### Task item:
Locate "проведены классные часы" in the listing. Transcribe the line that contains it and every line that follows, through the last, omitting all pictures.

### Information supplied:
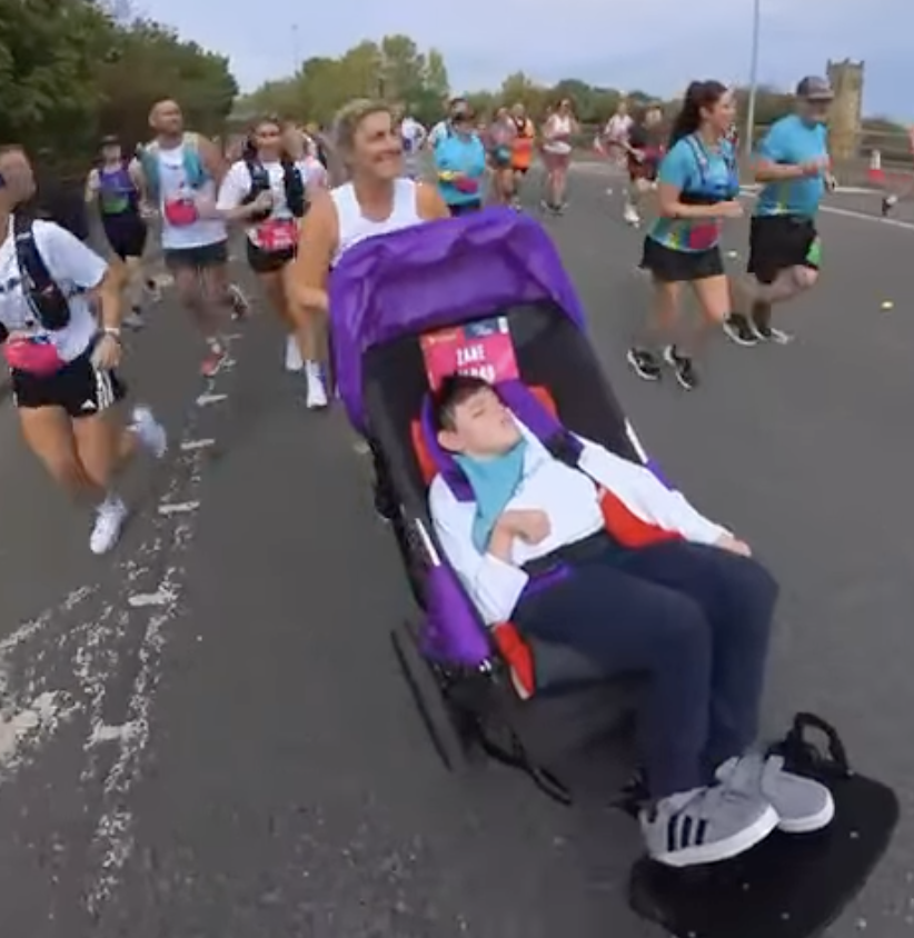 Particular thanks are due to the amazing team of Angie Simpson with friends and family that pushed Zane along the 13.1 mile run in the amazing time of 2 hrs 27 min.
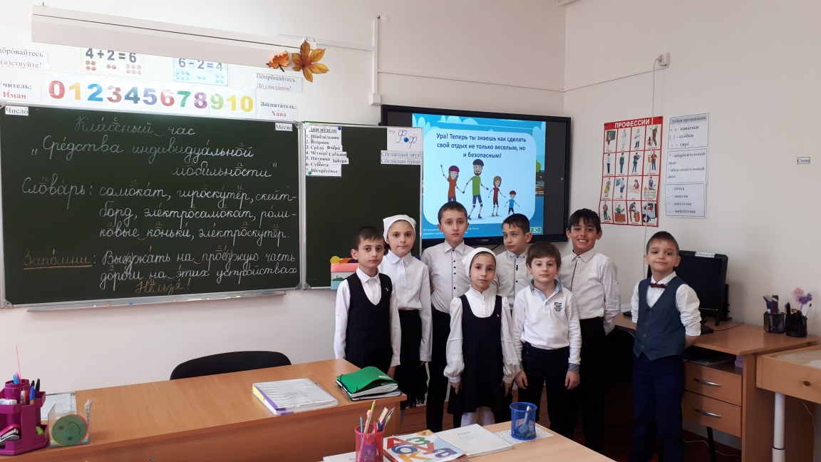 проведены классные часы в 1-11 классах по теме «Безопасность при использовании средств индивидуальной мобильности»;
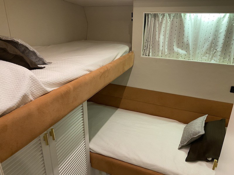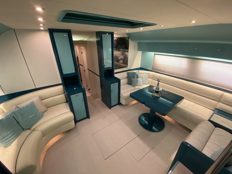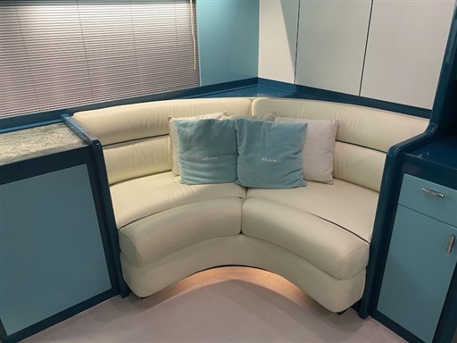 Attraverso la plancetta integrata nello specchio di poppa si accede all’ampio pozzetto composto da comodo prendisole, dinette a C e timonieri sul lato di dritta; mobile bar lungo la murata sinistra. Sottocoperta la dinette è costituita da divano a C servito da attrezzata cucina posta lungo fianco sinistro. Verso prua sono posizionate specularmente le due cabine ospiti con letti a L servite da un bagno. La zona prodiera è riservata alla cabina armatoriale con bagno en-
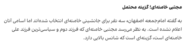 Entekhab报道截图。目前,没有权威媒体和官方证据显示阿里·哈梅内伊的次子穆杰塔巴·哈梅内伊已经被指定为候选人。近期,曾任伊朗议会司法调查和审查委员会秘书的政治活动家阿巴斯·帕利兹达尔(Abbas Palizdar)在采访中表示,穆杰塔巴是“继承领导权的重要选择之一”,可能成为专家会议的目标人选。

### Result below:
 проведены классные часы в 1-11 классах по теме «Безопасность при использовании средств индивидуальной мобильности»;
 Attraverso la plancetta integrata nello specchio di poppa si accede all’ampio pozzetto composto da comodo prendisole, dinette a C e timonieri sul lato di dritta; mobile bar lungo la murata sinistra. Sottocoperta la dinette è costituita da divano a C servito da attrezzata cucina posta lungo fianco sinistro. Verso prua sono posizionate specularmente le due cabine ospiti con letti a L servite da un bagno. La zona prodiera è riservata alla cabina armatoriale con bagno en-
 Entekhab报道截图。目前,没有权威媒体和官方证据显示阿里·哈梅内伊的次子穆杰塔巴·哈梅内伊已经被指定为候选人。近期,曾任伊朗议会司法调查和审查委员会秘书的政治活动家阿巴斯·帕利兹达尔(Abbas Palizdar)在采访中表示,穆杰塔巴是“继承领导权的重要选择之一”,可能成为专家会议的目标人选。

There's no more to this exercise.